К ее отцу часто приходил некто Петр, псаломщик церкви Святого Марка, который пользовался доверием епископа Кирилла. Это был геркулес, задыхавшийся при ходьбе; от него исходил запах чеснока и ношеного белья. Его коротко стриженные волосы начинались у самых глаз, совсем маленьких, так что казалось, что у него совсем нет лба; благодаря заостренной форме головы, выдающейся челюсти, испорченным зубам, лоснящимся щекам, он наводил на мысль о чудовищной свинье. Его руки, вследствие какого-то особенного недуга, были всегда покрыты липким потом, что не мешало ему протягивать их встречным людям с такой настойчивостью, что приходилось их пожимать.

Этот Петр был одержим постоянной похотью. Вечером он бродил по пустынным кварталам, где опрокидывал наземь встречных женщин и овладевал ими силой, или же, сидя у главного входа церкви Святого Марка, шепотом делал предложения женщинам, которые приходили молиться без провожатых. Иногда он прибегал к угрозам, иногда – к обещаниям. Одна негритянка из Ракотийского квартала пыталась убить его из ревности. Говорили, что когда-то он был приговорен за воровство к каторжным работам. Никто не знал, каким образом ему удалось возвыситься.

Он служил для Присциллы символом чувственного безобразия, которым она была окружена. Его присутствие оскорбляло ее чистоту. Внешне он держал себя почтительно, но так смотрел на нее своими моргающими глазами, что казалось, будто раздевает ее и рассматривает ее тело, начиная от густых волос и кончая нежными ступнями ног. Она замечала тогда неуловимую дрожь его рта, и это движение было единственным проявлением его желания, но она была вынуждена бежать от этой скверны.
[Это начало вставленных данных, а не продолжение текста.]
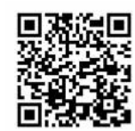
確定申告書等 作成コーナー

И перед сном, в своей комнате, прочтя все молитвы, ей случалось плакать перед большим бронзовым зеркалом, стоявшим у подножия ее кровати, созерцая это вместилище зла, этот греховный сосуд, которым было ее тонкое и чрезмерно красивое тело.

Майорин никогда не мог объяснить того, что случилось. Перед Музеем стояла толпа. Множество молодых людей расположилось вокруг двенадцати крылатых коней, окружающих портал, ожидая выхода Ипатии, чтобы приветствовать ее криками.

Следуя за Присциллой и Марком, он шел от них на довольно значительном расстоянии по улице Сема, как вдруг увидел колесницу, которая разворачивалась назад, не будучи в состоянии пробиться сквозь толпу.

В ней сидел епископ Кирилл. Его губы были плотно сжаты, а громадный лоб изборожден глубокими морщинами.

– И она у меня повернет назад, – пробормотал он.

Майорин подумал, что было бы прилично последовать примеру епископа и не смешиваться с этой толпой язычников, где его священнический вид начал вызывать насмешки дерзкой молодежи.

– Идемте, идемте, не задерживайтесь среди этих людей. Следуйте за мной, – сказал он.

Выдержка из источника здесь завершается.